2020-12-18T20:43:54.181Z


Fishing nets and accumulated pollution in the largest body of inland water in the world, with large resources of oil and gas, are reducing the population of these mammals


The Russian authorities are investigating the death of more than 300 seals of a protected species in the Caspian Sea.

The corpses of the mammals, among which there were pregnant females, have been located since December 7 on the coasts of the Russian region of Dagestan.

Abundant fishing nets and contamination of the waters of the world's largest inland water surface, which borders five Eurasian countries, are depleting the Caspian seal population.

The population of this mammal, the only one in these waters, has decreased by up to 90% in a century;

Fewer than 70,000 Caspian seals remain, declared endangered in 2017 by more than a hundred countries.

The commercial hunting era of Soviet times is over, but these marine mammals remain under threat.

Specialists warn that if measures are not taken, the situation of this species (

Pusa caspica)

will be critical.

What happened off the coast of Dagestan is the latest in a series of ecological disasters in Russia, where hundreds of dead fish were detected a few weeks ago on the beaches of the Kamchatka Peninsula, in the Russian Far East.

A team of experts has traveled from Moscow to Dagestan and is already analyzing the area between Majashkala, the capital, and the mouth of the Sulak River, the area where most of the carcasses of marine mammals have been located.

One of the main hypotheses is that the seals were trapped by the fishing nets installed, and sometimes abandoned, in the sea, points out Dmitri Glazov, of the Severtsov Institute of Ecology and Evolution of the Russian Academy of Sciences, which leads a specialized monitoring project of this species.
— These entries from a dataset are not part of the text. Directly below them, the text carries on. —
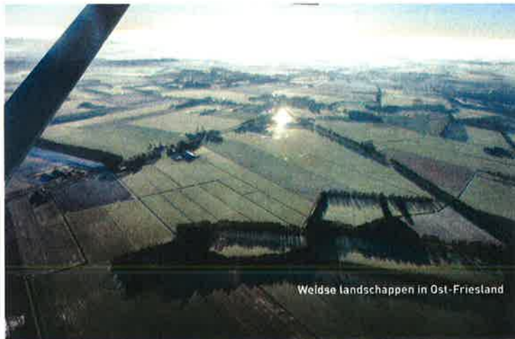
Welde landschappen in Ost-Friesland

Wij vliegen van Hoogeveen (EHHO) naar Leer (EDWF), een afstand van zo'n 55 NM. Een half uurtje vliegen dus. Een mooie trip, je vliegt langs de CTR van Eelde, via Stadskanaal en Papenburg, steekt de rivier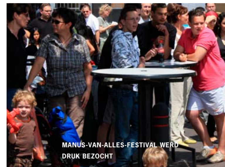
MANUS-VAN-ALLES-FESTIVAL WERD DRUK BEZOCHT

Wanneer? ma.t/m do. van 9 tot 12.30 en daarnaast op afspraak Bereikbaar? (043) 362 69 25 Email? paul.zeegers@wnbmaastricht.nl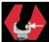
ネジつかみ機能付

ボンダス独自の黒染め加工により、通常の黒染め加工の5倍の耐蝕性と高い耐溶剤性を実現しています。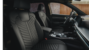
Nappa nahast istmekatted / must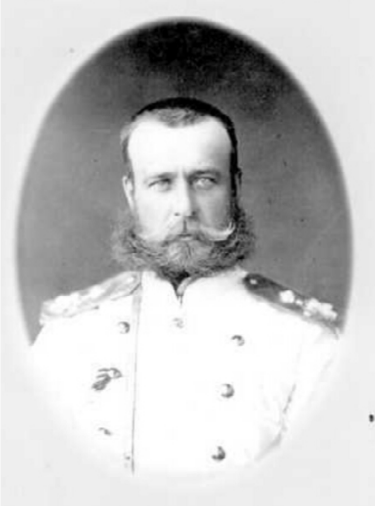
Image 2. Mihail Skobelev à Ahal-Téké.

Mais, pour moi, le nom de ce vin est avant tout le symbole de l'assaut lancé en 1881 par le général Mihail Dmitrievič Skobelev (voir l'image 2 ci-dessous) contre la forteresse de Gök-Tépé, située à 45 km au nord-ouest d'Achkhabad, la capitale du Turkménistan actuel.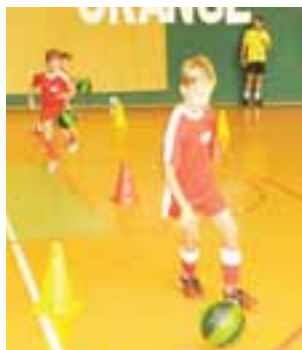
Gry i zabawy poprzedziły uroczystość w Dzierzgowku.

Oprócz tego wszystkie 100 klubów biorących udział w programie, poza wsparciem sprzętowym i technologicznym, uczestniczą również w międzyklubowej rywalizacji. Dzięki niej zespoły z poszczególnych miejscowości, mogą zmierzyć się w różnego typu wyzaniach sportowych i około sportowych. Ze względu na okres wakacyjny zostały przygotowane dwa specjalne wyzwania: Wakacje w Klubie Sportowym Orange i Pokażcie relację z wakacyjnych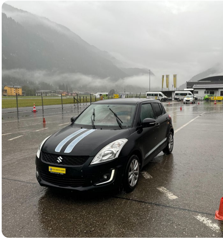
Auch im Tessiner Regen üben sich die Teilnehmenden des TCS Drive Camps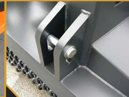
Deslizamiento en los anclajes a los brazos del tripulante para favorecer la total adaptación al terreno con independencia del tractor.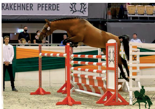
Ostewunder (Pagur ox)

Hřebcem roku se v sezoně 2020 stal drezurní HIBISKUS (Latimer – Hohenstein – Kostolany). Impozantní vraník stojí v Hauptgestüt Schwaiganger – Bayern (jezdkyňě Nicole Raili). Jeho potomstvo již soutěží v těžkých drezurách.

The Beluga sturgeon, very famous for caviar, also lives in the Caspian.

“In this period of active migration, the Caspian seals go north to give birth in large groups that become entangled in the nets and cannot come to the surface to breathe.

Then the waves carry the corpses ashore, ”says Hussein Hasanov, one of the chief ichthyologists of the Caspian region's fisheries and conservation authority, who warns that nets and overfishing are a very serious problem that is not being addressed. addresses for economic reasons.

Among the

plastic

ghost nets

, others more elaborate but abandoned by fishermen, those launched by poachers and those that are officially installed, the entire Caspian Sea is "cluttered with nets," Hasanov says.

The first results of the analysis of samples of pathological material taken from dead mammals revealed concentrations of heavy metals in tissues and organs.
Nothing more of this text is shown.